After the war, Jauss began his extended association with the University of Konstanz in Baden-Württemberg, teaching courses in literary criticism, linguistics, and aesthetic theory. Jauss met and befriended literary theorist and philosopher Paul de Man at a Zurich University symposium in 1968. Although the two argued extensively over linguistic theory, it was largely through de Man’s recommendation that Jauss was invited to Yale University in 1976 to serve as a visiting professor.

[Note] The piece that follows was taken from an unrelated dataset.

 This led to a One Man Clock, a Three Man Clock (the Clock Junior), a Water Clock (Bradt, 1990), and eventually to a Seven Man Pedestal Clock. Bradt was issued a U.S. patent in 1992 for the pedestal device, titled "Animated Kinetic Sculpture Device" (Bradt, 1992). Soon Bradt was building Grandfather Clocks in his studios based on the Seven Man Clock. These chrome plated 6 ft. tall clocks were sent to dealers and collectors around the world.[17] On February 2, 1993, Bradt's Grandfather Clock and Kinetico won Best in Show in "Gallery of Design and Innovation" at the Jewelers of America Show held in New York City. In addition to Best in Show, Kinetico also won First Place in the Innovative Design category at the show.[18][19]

Like Stanley Fish in his concept of interpretive communities, Jauss held that the most frequently neglected aspect of any literary text is the text’s reception by its audience. In his opinion, the proper study of literature must involve a reconstruction of the “horizon of expectations” of its original audience and a construction of a new horizon of expectations by the contemporary audience. Jauss therefore denied that a literary work possesses any “once and for all” objectively determined meaning. The reading of a literary work is not autonomous but is collectively framed by the shared conventions or expectations of the work’s audience. Readers engaged in “negotiation” and “opposition” with a creative work rather than passively accepting the work’s “meaning,” and readings of a work therefore varied widely based on the readers’ varying cultural backgrounds.
Jauss presented these ideas in the 1960’s and 1970’s in a German publication, Reception Theory, and his conception of reader-response criticism was dubbed “the Konstanz school,” after the university in which he taught. His ideas became influential throughout Europe, particularly in the 1970’s and 1980’s. His books include two works of literary theory that were translated into English: Kleine Apologie der ästhetischen Erfahrung, Rezeptionsästhetik, und Literaturgeschichte als Provokation (1972: Toward an Aesthetic of Reception, 1982) and Ästhetische Erfahrung und literarische Hermeneutik (1977; Aesthetic Experience and Literary Hermeneutics, 1982).
In the 1980’s, Jauss’s career was clouded as his activities during World War II became public knowledge, and he was linked with de Man’s newly discovered ideological loyalty to Nazi principles. The Modern Language Association thereupon canceled its plans to make Jauss an honorary member. However, Jauss steadfastly maintained that he had never been a Nazi, despite his wartime membership in the Waffen-SS, and that a 1948 tribunal under American auspices had found no incriminating evidence against him. In a letter to The Nation, published on June 4, 1988, he wrote, “I deeply regret my involvement with an organization that was responsible for so much suffering and such unspeakable crimes.”
Jauss died in 1997 in Konstanz. His work remains influential in various contexts and applications, especially in theology, in which the reception, understanding, and application of doctrine by a spiritual community is seen by some as analogous to the reception of a work of literature by its audience.